In my last post I pointed out an oft-unnoticed flaw in one of the arguments Christians sometimes use to support the belief that homosexual sex is sinful. While I’m at it, here’s another argument Christians sometimes use to the same end, and a reason that argument is also highly suspect.
The argument in question today runs roughly as follows:
1. God’s primary–or perhaps only–intended purpose for human sexual activity is procreation.
2. Therefore the only acceptable forms of sexual activity are those that can potentially result in the fertilization of an egg by a sperm.
3. Therefore the only acceptable sexual activity is between one woman and one man. If two women have sex, there are eggs but no sperm, and if two men have sex, there are sperm but no eggs, so in either case procreation cannot happen.
This argument comes up especially frequently in debates over same-sex marriage, and is generally cited by those who want to argue that marriage should be restricted to couples who are capable of having children (or who would be capable of having children if all their procreative organs were functioning properly; advocates for this position usually ignore the plight of couples wherein one or both partners is infertile). But quite apart from any other reasons you or I may have for disagreeing with this argument, it holds a few implications that many people, even those who believe homosexual sex is wrong, would still find untenable.
By the logic of this argument, if the only acceptable forms of sexual activity are those that can potentially lead to the procreation of children, then not only homosexual sex but also all of the following are also inherently sinful:
— Heterosexual sex that does not include coitus
— Heterosexual sex in which the woman is past menopause
— Heterosexual sex in which either partner is known to be infertile
— Heterosexual sex at any stage in the woman’s menstrual cycle at which conception is impossible
— Heterosexual sex with birth-control pills, condoms, or other contraceptives
At this point, some Christians might sputter in protest and point out that heterosexual sex in which the woman is past menopause is clearly not sinful, if the example of Abraham and Sarah in Genesis 18 is any indication. Fair enough–but God specifically told them that he was going to give them descendants, which is not something he says to the vast majority of post-menopausal women; Abraham and Sarah are a special exception to the norm. Logic demands that a post-menopausal woman remain celibate (unless God specifically tells her otherwise), or else that the sex-is-only-for-procreation argument is rubbish.
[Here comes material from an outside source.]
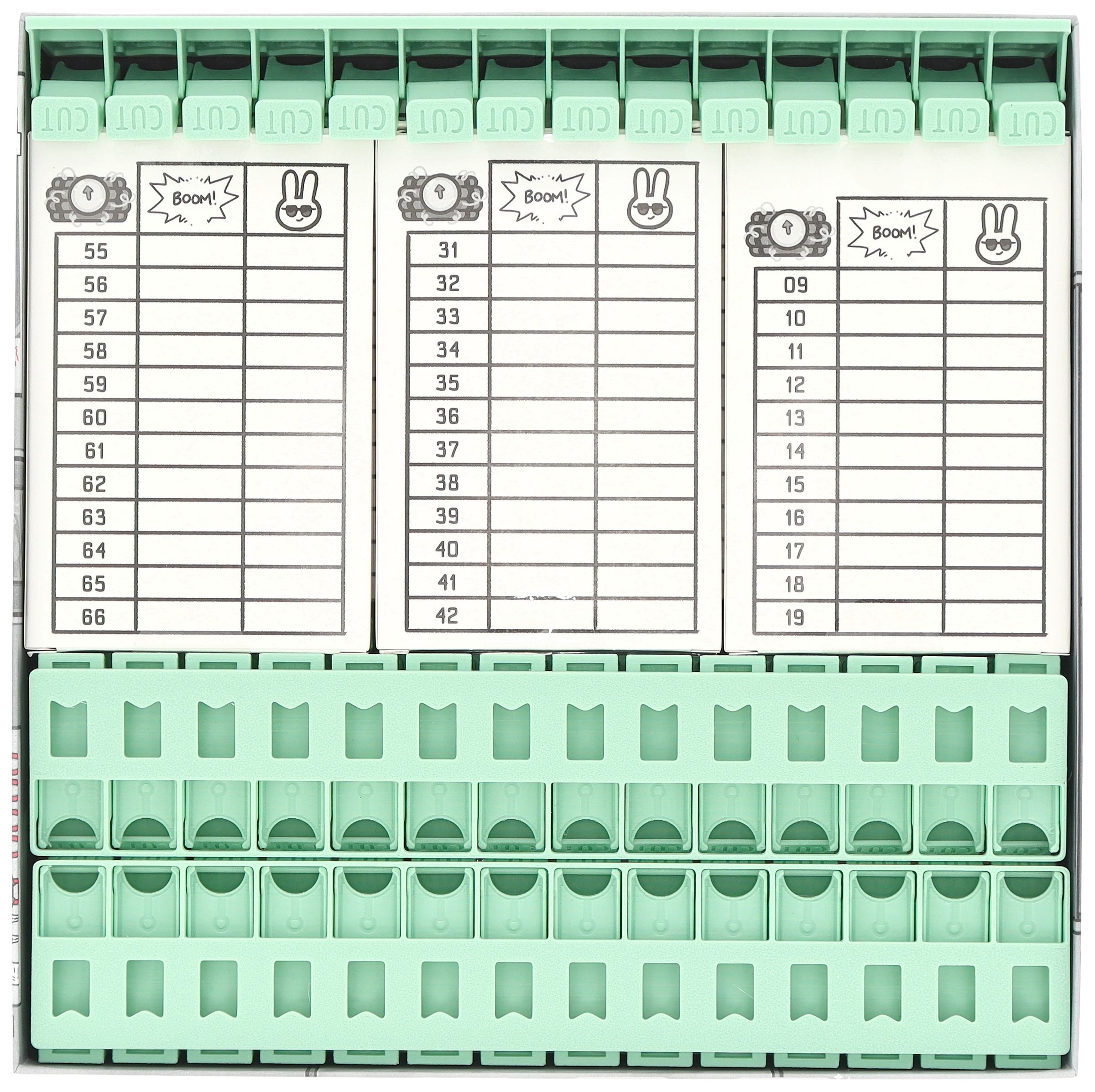 - L'organisateur en plastique robuste s'insère parfaitement dans la boîte du jeu de base Bomb Busters (dimensions de l'organisateur : 262 x 262 x 48 mm).

Along similar lines, Christians will sometimes use the story of Onan in Genesis 38:8-10 to argue against masturbation and other non-coital forms of sexual activity. Onan’s brother Er had died without a son, so Onan’s responsibility was to have sex with Er’s widow Tamar so that the firstborn son could be an heir for Er. Onan had sex with Tamar but pulled out, in order that a child would not be conceived, and as punishment God struck Onan dead.
But the use of this story to argue against non-coital forms of sexual activity overlooks the reason Onan was supposed to have sex with Tamar in the first place, which was to conceive a child who could be Er’s heir. Onan knew full well that, legally, the child would not be his–and he also knew that Er’s property would revert to him (that is, to Onan himself) if Er didn’t have a son. Thus the reason Onan incurred God’s wrath was not that he engaged in an unacceptable form of sexual activity but that, for selfish reasons, he refused to fulfill his legal and moral obligation to his deceased brother. Christians who think masturbation, oral sex, or other non-coital forms of sexual activity are sinful may still be able to build a case, but they’ll have to look elsewhere for their arguments; the story of Onan presents a pretty flimsy one.
As for the two arguments against homosexual activity that I’ve discussed in yesterday’s and today’s posts, the position those arguments are meant to support may be right or it may be wrong–and there are plenty of people, even Christians, on either side–but those arguments are too severely flawed to keep using. Let’s all agree to knock it off, shall we?